With respect to wheel removal, there are much cheaper and easier methods of stopping a wheel jamming during wheel removal than carefully welding or brazing a tubular chainstay bridge. Also, my old Trek steel-framed mountain bike has a chainstay bridge, and that certainly wasn't installed for mudguard fitment. It's also got vertical dropouts, so it isn't to stop tyre jamming either. In the case of mountain bikes, to run a triple chainset requires a long BB spindle, or long chainstays to prevent the chainset fouling the chainstays. In this case a chainstay bridge is highly desirable to reduce the extra back end flexibility due to the long chainstays.

Oh, and I wouldn't go TIGing in chainsuck gouges on any frame, unless a weld procedure has already been fully tested, and found not to adversely affect the base material.
 
Location
Loch side.
I think it's fairly obvious that if the rear wheel is displaced sideways, then the two chainstays will move relative to each other. Just imagine the place where the chainstays meet the BB shell as a very stiff hinge, and it's immediately clear.The chainstay bridge increases back end rigidity by making it harder for the chainstays to move relative to each other.

With respect to wheel removal, there are much cheaper and easier methods of stopping a wheel jamming during wheel removal than carefully welding or brazing a tubular chainstay bridge. Also, my old Trek steel-framed mountain bike has a chainstay bridge, and that certainly wasn't installed for mudguard fitment. It's also got vertical dropouts, so it isn't to stop tyre jamming either. In the case of mountain bikes, to run a triple chainset requires a long BB spindle, or long chainstays to prevent the chainset fouling the chainstays. In this case a chainstay bridge is highly desirable to reduce the extra back end flexibility due to the long chainstays.

Oh, and I wouldn't go TIGing in chainsuck gouges on any frame, unless a weld procedure has already been fully tested, and found not to adversely affect the base material.

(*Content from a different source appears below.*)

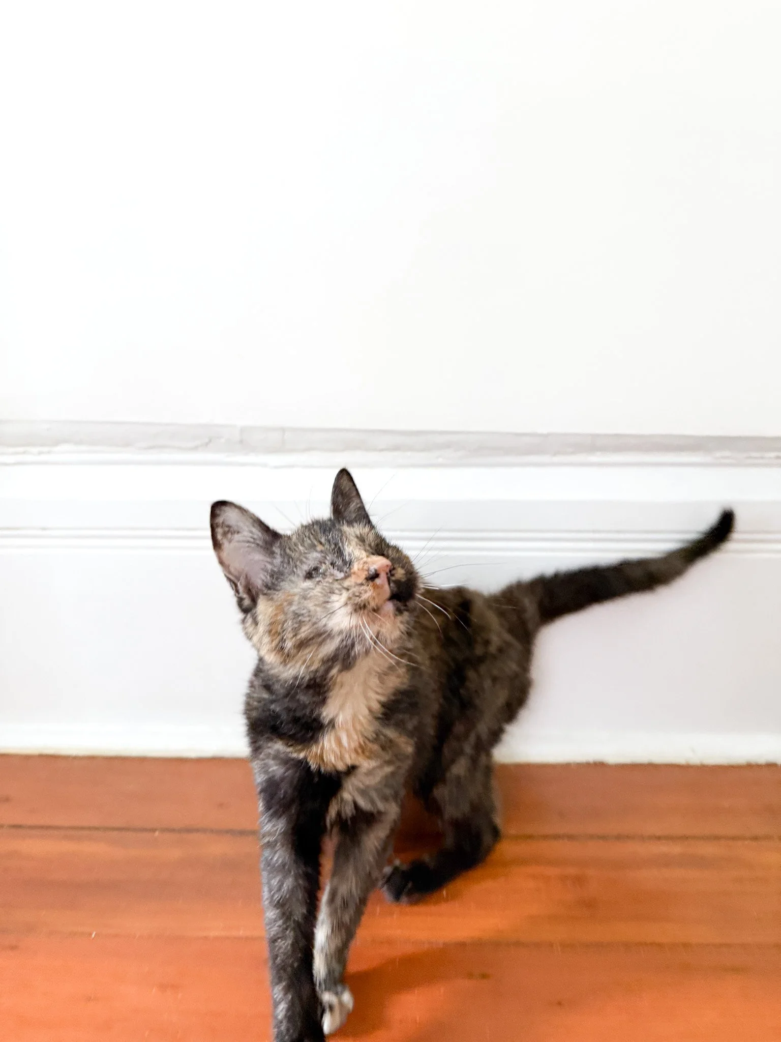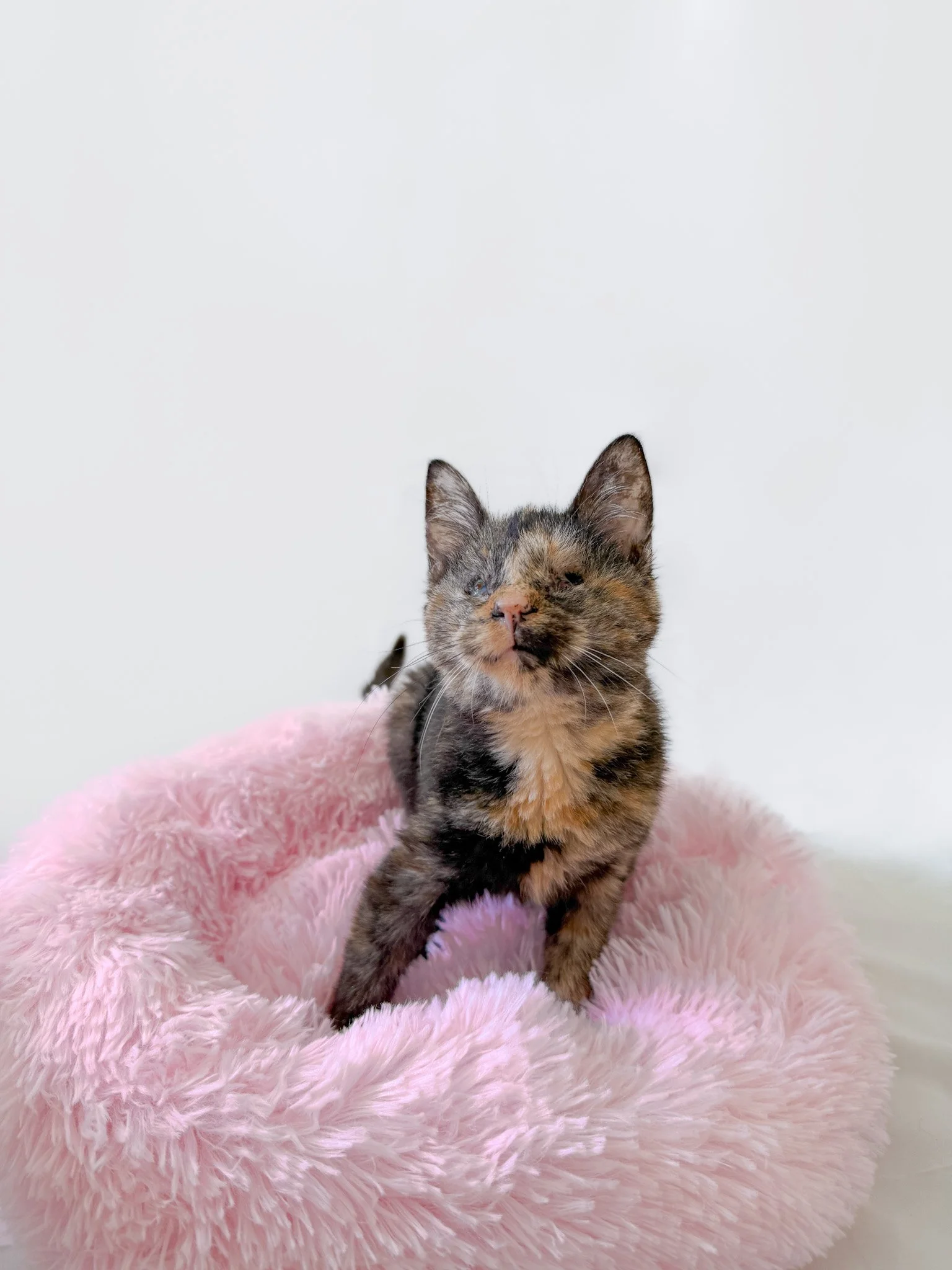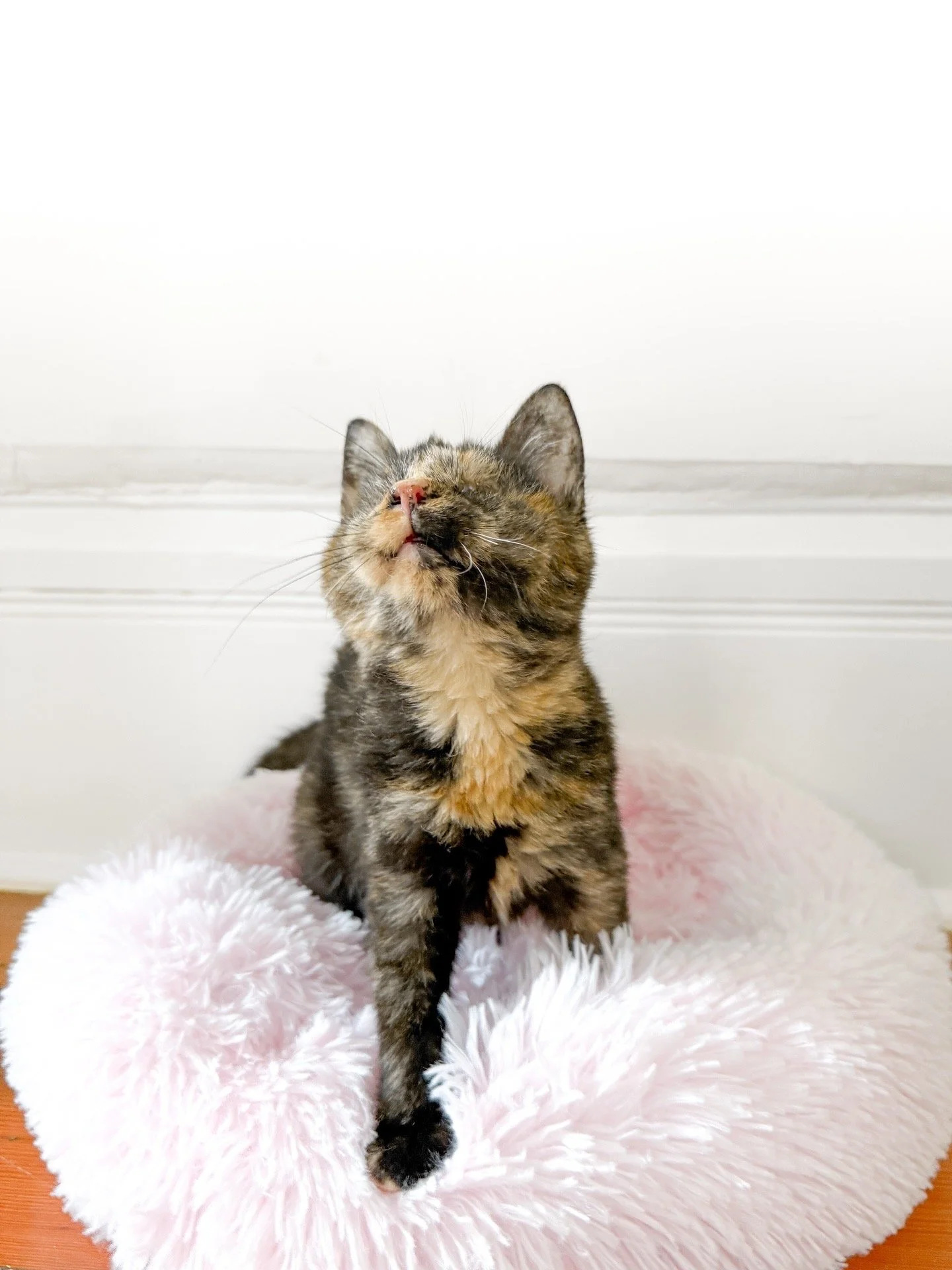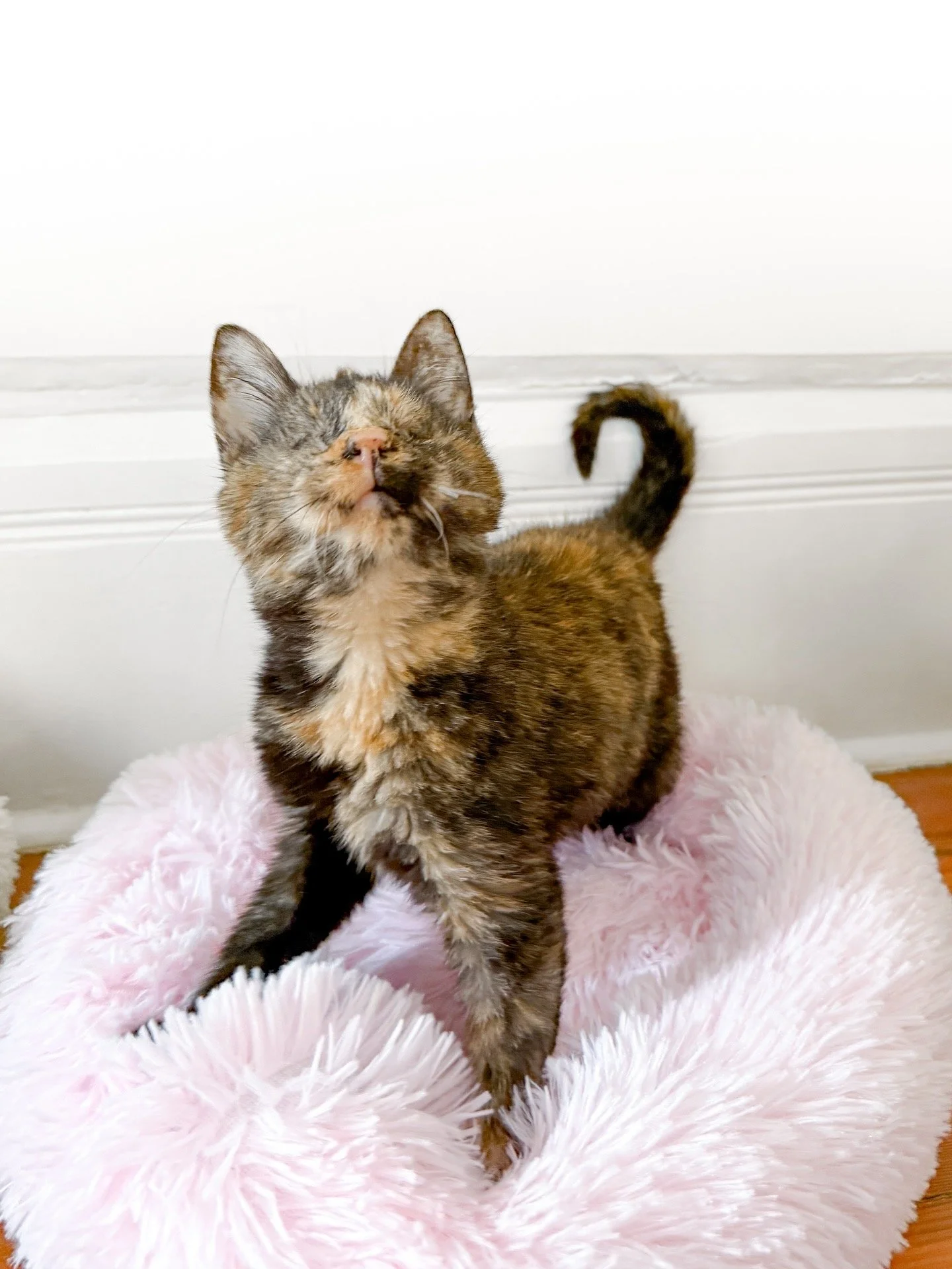 Clover is our darling petite tortie girl who has never even heard the slander of tortitude. She is as velcro as they come and needs a home with someone who is home more often than not. Clover is blind and in the process of having both of her unfunctional eyes removed. She also has pectus excavatum which she was ineligible for surgery for but it doesn’t cause her any issues other than being small. Clover will do well in a home with other kitties and calm pups.

Well, be more specific as to where the movement is. Like I say, it is a truss and movement in a truss is well understood. Saying it displaces sideways o relative to each other merely repeats what Brompton has said. I have narrowed down the possibilities, which one do you choose or do you want to add others?

Give us some examples of these cheaper and easier methods to prevent a wheel from jamming.
 

Globalti

Legendary Member
Oh, and I wouldn't go TIGing in chainsuck gouges on any frame, unless a weld procedure has already been fully tested, and found not to adversely affect the base material.

The frame was un-saleable with the gouges so my reckoning was that Mr Harris couldn't make it any worse! I sold it with that photo and clear description of what I'd done and the buyer was very happy with it. It was a Kona Hei Hei.
 
OP
OP
Bodhbh

Bodhbh

Guru
Well it's booked in at the local bodyshop to get brazed this Saturday. If I remember, I'll try to post a pic of their handywork. I'm agnostic on the structural role of the bridge - but I plan on riding it loaded now and then so may as well err on the side of caution.

Irritating thing is, it will get taken to a proper framebuilder at somepoint. Once the stock BB fails, I'll like to have the shell faced rethreaded to to take standard BBs (it's 76mm and 26tpi atm), prolly some other work too, then ofc a powdercoating. But right now, I just want to ride it some and also paying bills is more of a priority.